I am implementing the PLS-DA method presented here on a data set and I am trying to understand the procedure; and whether there is anything conceptually wrong in my steps.
- I start with $188 \times 528 $ matrix $X$, where I have 188 samples and 465 features. I have a response variable $Y$ of length 188 comprised of ones and twos corresponding to class labels.
- I do PCA analysis on the dataset and find that there are only 187 non-zero eigenvalues. Next I project the data (i.e $X$) down into this 187 dimensional space using the loading vectors as a dimension reduction step to get $X'$.
- Now I use the Wilks lambda criterion to select 20 of these transformed features (out of 187 since $X'$ has size $188 \times 187$) that are most discriminatory (with respect to class membership) and then delete the other 167 columns. This gives me $\tilde X$.
- Now I split the data set into half for training, and half for testing, the do the PLS-DA routine.
I get really good results here following the procedure that I have not yet been able to achieve with other methods (SVMs,kernel-SVM, etc).
My concern here arises because both PLS and PCA are used for dimension reduction I am not sure if I am doing something wrong by mixing these techniques. Particularly, I started investigating whether using Wilks criterion on the whole data set was what was giving very good results, so I started using the criterion on just the training set (and then deleting the unwanted columns from both training and testing sets). The results markedly dropped; so indeed the Wilks criterion was overfitting to the structure of the complete data set.

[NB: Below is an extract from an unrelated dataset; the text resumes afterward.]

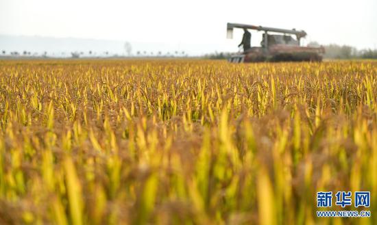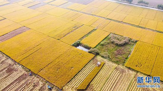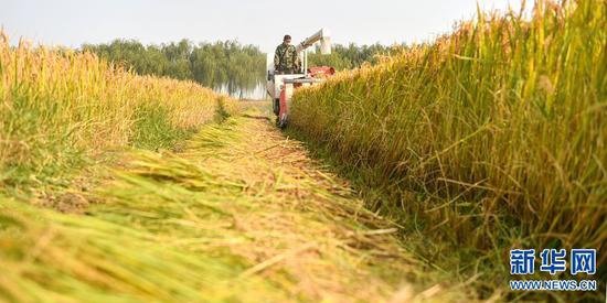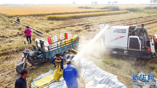 2020年10月25日,河南洛陽,位于孟津縣會盟鎮黃河灘區的萬畝優質水稻種植示范基地內,農民們正搶抓有利時機,確保水稻顆粒歸倉。

But what was more interesting is that the PLS algorithm started failing when I started increasing the size of my training set (as a proportion of the complete data) to about 80%. Further it fails only when using Wilks criterion for feature selection; and it does not always fail, in say 3 tries out of 10, the script goes through.
Can someone (1) confirm that there is nothing theoretically wrong with using PCA for dimension reduction followed by PLS-DA on the transformed features for classification, (2) confirm that using Wilks criterion for feature selection in the transformed space is a valid approach (3) hint/speculate as to why PLS-DA fails when used in conjunction with Wilks criterion, in some cases.